Die Frage, ob ihre Kinder denn einmal auf die Manos kommen werden, wurde zwar immer positiv beantwortet, "die Schüler würden gern", aber "der Weg ist zu weit". Diese Grundschüler kommen aus Klotzsche, Rochwitz oder Freital. Also doch wieder mehrere Gebäude? Ganz bestimmt kann man sagen, dass alle Lehrer sowie Eltern die Idee eines Grundschultages unterstützen und sehr interessiert waren, denn teilweise wurde ich - der Interviewer - mehr zum Befragten in Bezug auf Schulklima, Unterricht und vieles mehr. Das wichtigste Thema dabei war: "Stimmt das mit dem Mädchenanteil hier?"
Wir Mädchen sind vielleicht noch in der Unterzahl, aber ein gelungener Tag wie der 18.11. hat möglicherweise für Verstärkung im nächsten Jahr gesorgt.

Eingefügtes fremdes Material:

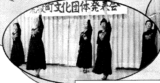
チェリーポルカ荒牧
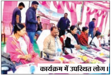
कार्यक्रम में उपस्थित लोग।

Stimmen aus den eigenen Reihen

Doch nicht nur die Schüler waren beeindruckt vom Grundschultag, auch die Lehrer empfanden diesen als sehr gelungen. "Es wird von Jahr zu Jahr besser - Frau Nagel"
Die Lehrer waren zwar nicht ganz so aufgeregt wie die kleinen Viertklässler, doch auch ihnen sah man an, dass sie gespannt darauf waren, ob der Tag gut bei den Grundschülern ankommt. Vor allem der Organisator Herr Dr. Wieczoreck tigerte nervös durch das Schulhaus. Man kann sich ja vorher nie sicher sein, ob die Aufgaben nicht doch zu schwer sind, und nichts ist schlimmer als enttäuschte Gesichter, weil eine Lösung unmöglich scheint. So wie es auch den Kleinen Spaß gemacht hat, gefiel es auch den Großen, die ihnen halfen, den Schülern und den Lehrern, die zwar meinten, dass sie sich durchaus andere Möglichkeiten des Zeitvertreibes an ihrem Geburtstag (an dieser Stelle noch mal alles Gute, Herr Teresiak) hätten vorstellen können, doch eine Stationsbetreuung gerne nächstes Jahr wieder durchführen möchten. Interessant ist auch zu wissen, dass nicht jeder Lehrer als Grundschüler seine Station am meisten gemocht hätte, so erzählte zum Beispiel Frau Nagel, dass nicht nur Mathe ihr Lieblingsfach war, sondern auch Musik "das eine habe ich nun zum Beruf, das andere zum Hobby gemacht." Es ist sehr schön, dass der Grundschultag allen gefallen hat, an einer Schule, die sich mit den fünf von Herrn Firchau gewählten Worten MANOS, "herausfordernd, neu, Tradition und Schüler" gut beschreiben lässt.

Die kleinen Helden

Natürlich dürfen wir auch nicht die kleinsten Helden dieses Tages vergessen, ohne die der Grundschultag sinnlos wäre, die Viertklässler.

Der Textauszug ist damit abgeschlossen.